On Fri, Jun 3, 2016, 14:16 Petr Viktorin <encukou at gmail.com> wrote:

> Hello fro the PyCon sprints!
>
> Here is the first approximation for a PEP that introduces efficient
> access to the module state from methods of extension types. This is the
> biggest unresolved issue of PEP 489 (multi-phase init).
> There are still a few XXXs to be fleshed out, but the base is pretty
> solid. Please leave your comments!
>
> I also posted the pre-PEP at:
>
> https://github.com/encukou/peps/blob/3fdf3b1fad0220c7fe39044dfefc6d76759e0d1a/pep-9999.txt
>
> The beginnings of an implementation live at:
> https://github.com/encukou/cpython/tree/module-state-access
>
> Thanks to Nick and Eric for helping out!
>
> ----
>
> PEP: XXX
> Title: Module State Access from C Extension Methods
> Version: $Revision$
> Last-Modified: $Date$
> Author: Petr Viktorin <encukou at gmail.com>,
>         Nick Coghlan <ncoghlan at gmail.com>,
>         Eric Snow <ericsnowcurrently at gmail.com>
> Discussions-To: import-sig at python.org
> Status: Active
> Type: Process
> Content-Type: text/x-rst
> Created: 02-Jun-2016
> Python-Version: 3.6
> Post-History:
>
>
> Abstract
> ========
>
> This PEP proposes to add a way for CPython extension methods to access
> context such as
> the state of the modules they are defined in.
>
> This will allow extension methods to use direct pointer dereferences
> rather than PyState_FindModule for looking up module state, reducing or
> eliminating the
> performance cost of using module-scoped state over process global state.
>
> This fixes one of the remaining roadblocks for adoption of PEP 3121
> (Extension
> module initialization and finalization) and PEP 489
> (Multi-phase extension module initialization).
>
> While this PEP takes an additional step towards fully solving the
> problems that PEP 3121 and PEP 489 started
> tackling, it does not attempt to resolve *all* remaining concerns. In
> particular, accessing the module state from slot methods (``nb_add``,
> etc) remains slower than accessing that state from other extension methods.
>
>
> Rationale
> =========
>
> PEP 489 introduced a new way to initialize extension modules, which brings
> several advantages to extensions that implement it:
>
>     * The extension modules behave more like their Python counterparts.

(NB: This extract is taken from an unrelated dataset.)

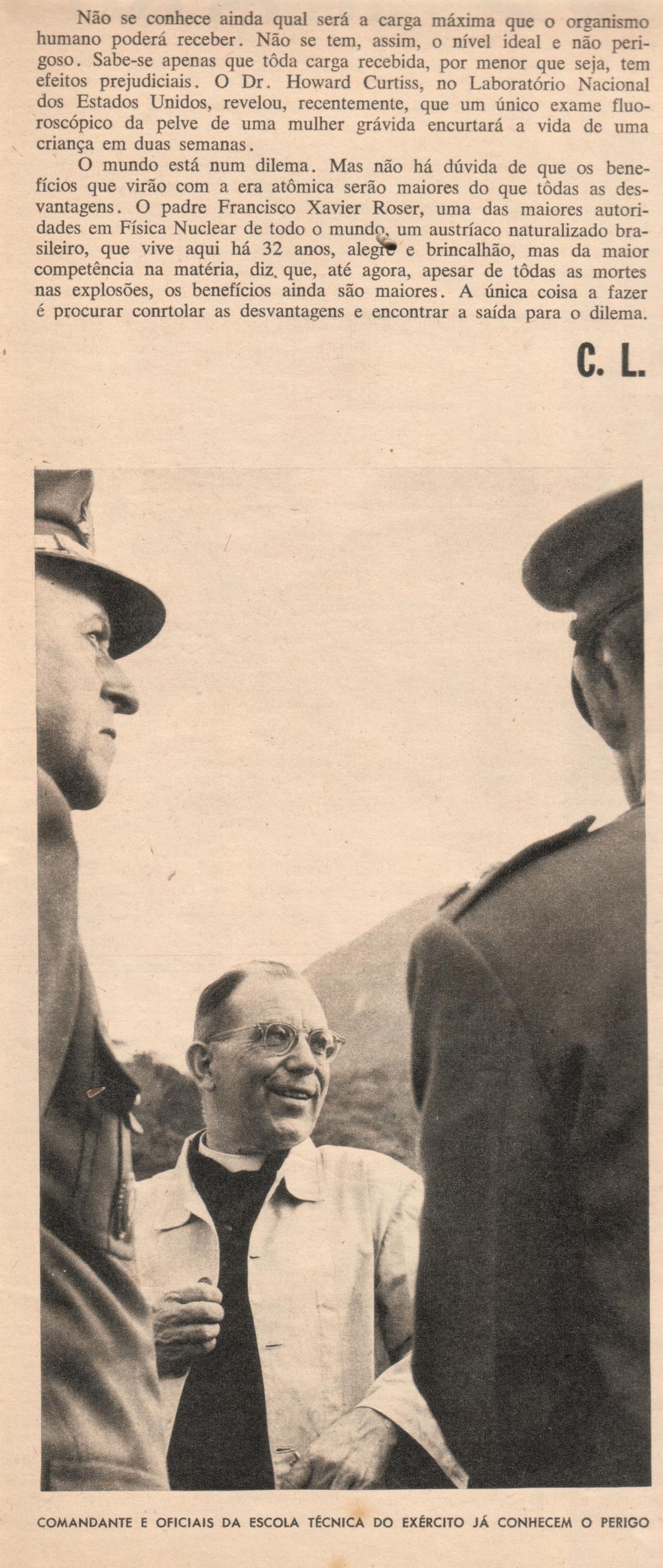 Revista Manchete no. 335: p.25 - Padre Roser ensina radioatividade às Forças Armadas. Com foto.
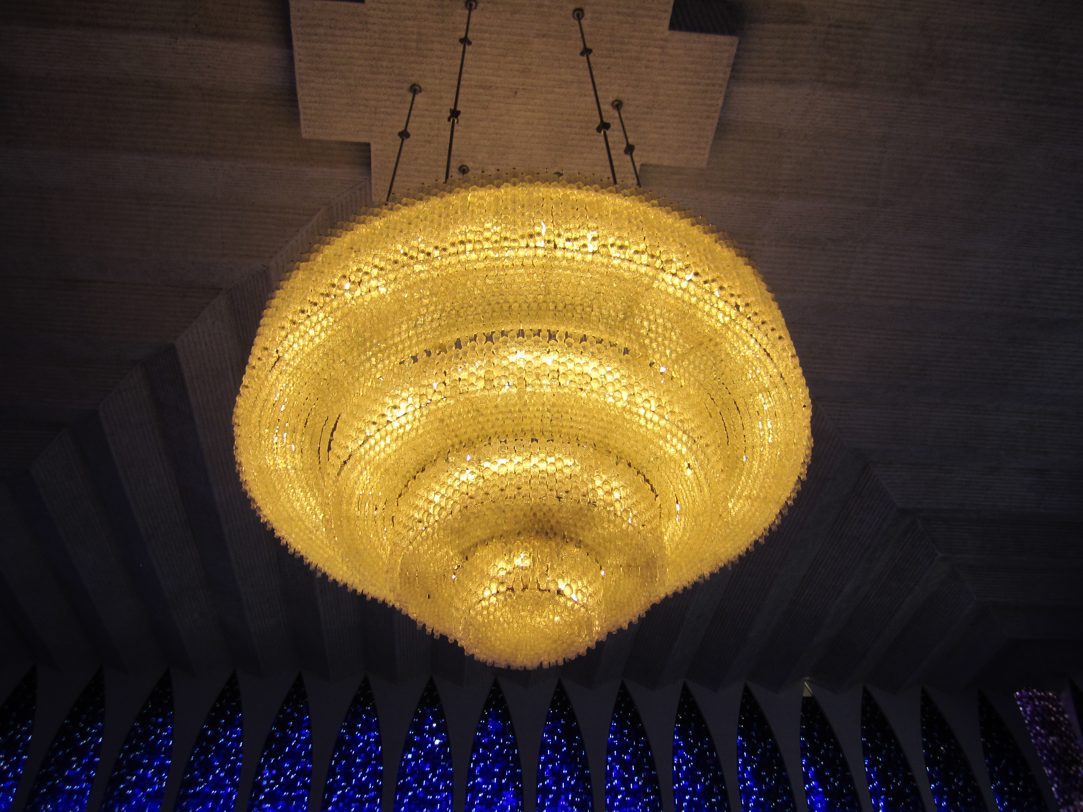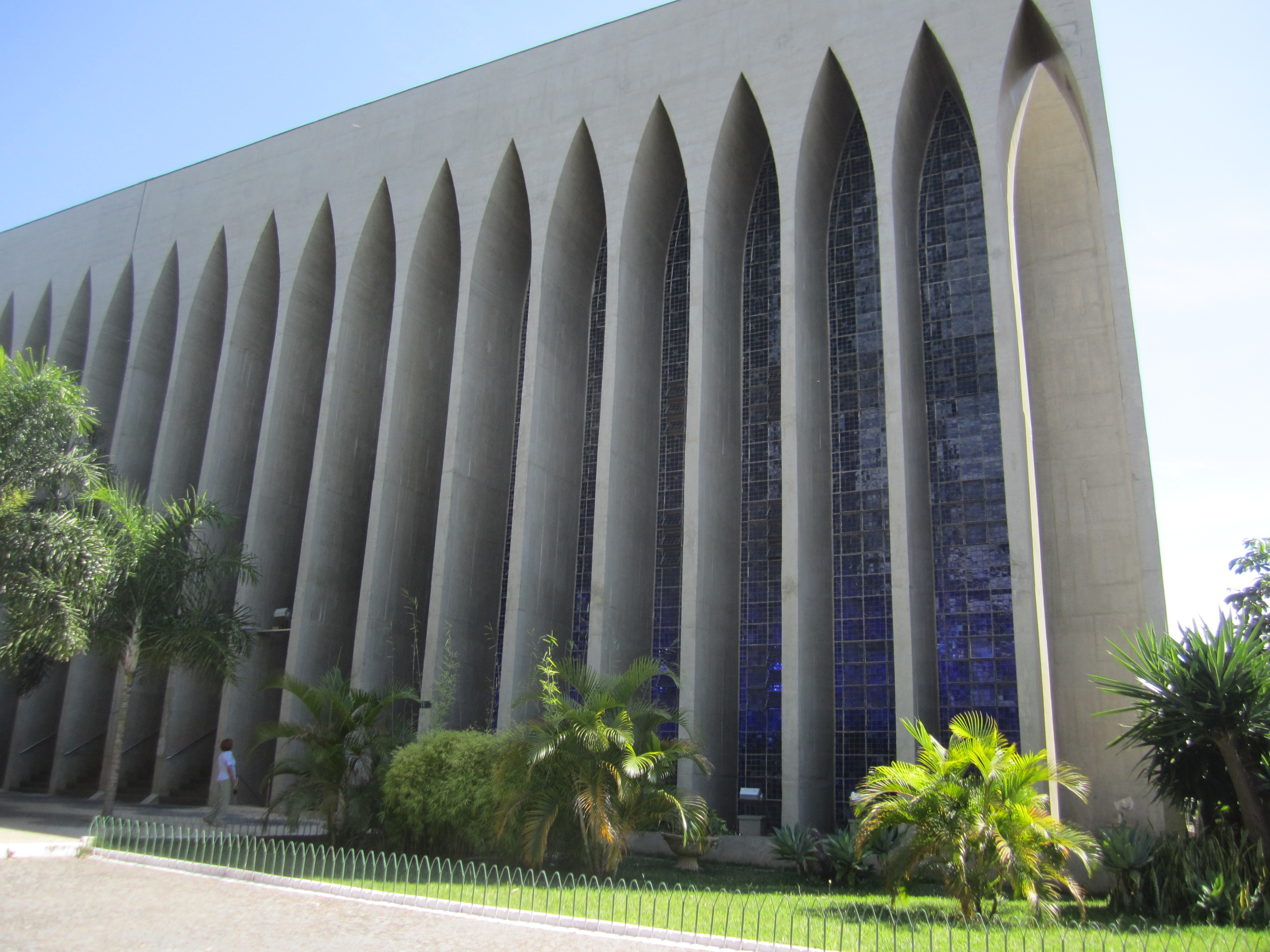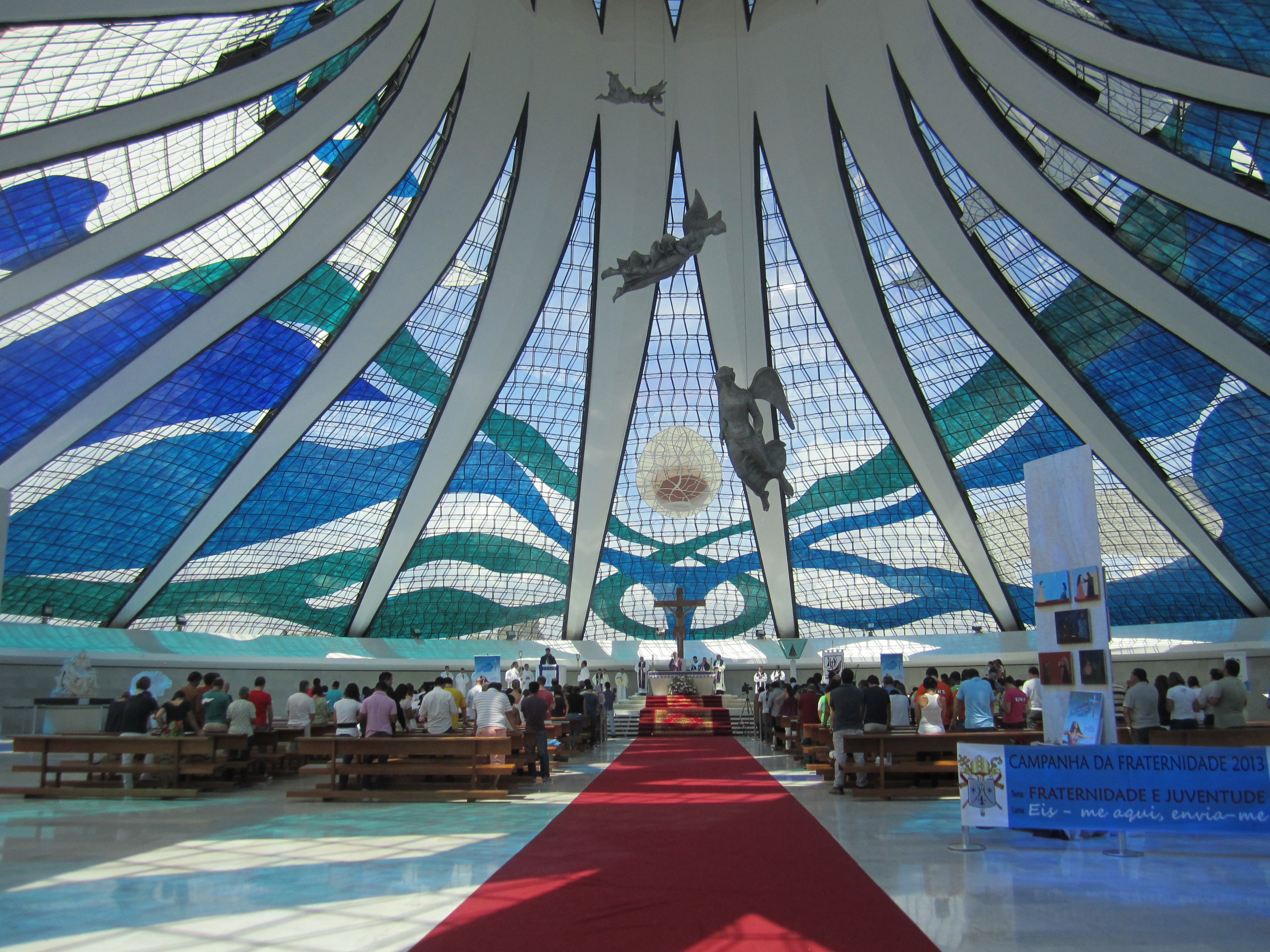 În 1883, the Italian saint Dom Bosco made, it seems, a dream about a Utopian city of the future, located in the New World, which would be located between the 15 th and 20 th south parallels. This city would become the capital of a country, the government of which would administer the country with great justice and would meet all the needs of a great nation. It is partly this vision that would have inspired and influenced the foundation of Brasilia. So we built this original church to honor it; the exterior is simple but aesthetic by the effect of repetition of the windows framed by long vertical lines terminated by acute arcs. But the interior is even more beautiful with stained glass windows that play on all the tones of blue. The windows are composed of small squares of stained glass colored 12 shades of blue, with some white spots. They were designed by Hubert Van Doorne. At night, another illumination fills the church: it is that of the chandelier made of 7400 pieces of Murano glass, made by Alvimar Moreira. The church contains two life-size statues of Dom Bosco and Nossa Senhora Auxiliadora, a 10-ton altar made of Carrara marble and a large crucifix carved in a cedar by Gotfredo Tralli.

>     * The extension modules can easily support loading into pre-existing
>       module objects, which paves the way for extension module support for
>       ``runpy`` or for systems that enable extension module reloading.
>     * Loading multiple modules from the same extension is possible, which
>       makes testing module isolation (a key feature for proper
> sub-interpreter
>       support) possible from a single interpreter.
>
> The biggest hurdle for adoption of PEP 489 is allowing access to module
> state
> from methods of extension types.
> Currently, the way to access this state from extension methods is by
> looking up the module via
> ``PyState_FindModule`` (in contrast to module level functions in
> extension modules, which
> receive a module reference as an argument).
> However, ``PyState_FindModule`` queries the thread-local state, making
> it relatively
> costly compared to C level process global access and consequently
> deterring module authors from using it.
>
> Also, ``PyState_FindModule`` relies on the assumption that in each
> subinterpreter, there is at most one module corresponding to
> a given ``PyModuleDef``.  This does not align well with Python's import
> machinery.  Since PEP 489 aimed to fix that,  the assumption does
> not hold for modules that use multi-phase initialization, so
> ``PyState_FindModule`` is unavailable for these modules.
>
> A faster, safer way of accessing module-level state from extension methods
> is needed.
>
>
> Background
> ===========
>
> The implementation of a Python method may need access to one or more of
> the following pieces of information:
>
>    * The instance it is called on (``self``)
>    * The underlying function
>    * The class the method was defined in
>    * The corresponding module
>    * The module state
>
> In Python code, the Python-level equivalents may be retrieved as::
>
>     import sys
>
>     class Foo:
>         def meth(self):
>             instance = self
>             module_globals = globals()
>             module_object = sys.modules[__name__]
>             underlying_function = Foo.meth
>             defining_class = Foo
>
> .. note::
>
>     The defining class is not ``type(self)``, since ``type(self)`` might
>     be a subclass of ``Foo``.
>
> Implicitly, the last three of those rely on name-based lookup via the
> function's ``__globals__`` attribute:
> either the ``Foo`` attribute to access the defining class and Python
> function object, or ``__name__`` to find the module object in
> ``sys.modules``.
> In Python code, this is feasible, as ``__globals__`` is set
> appropriately when the function definition is executed, and
> even if the namespace has been manipulated to return a different object,
> at worst an exception will be raised.
>
> By contrast, extension methods are typically implemented as normal C
> functions. This means that they only have access to their arguments, and
> any C level thread local and process global state. Traditionally, many
> extension modules have stored
> their shared state in C level process globals, causing problems when:
>
>     * running multiple initialize/finalize cycles in the same process
>     * reloading modules (e.g. to test conditional imports)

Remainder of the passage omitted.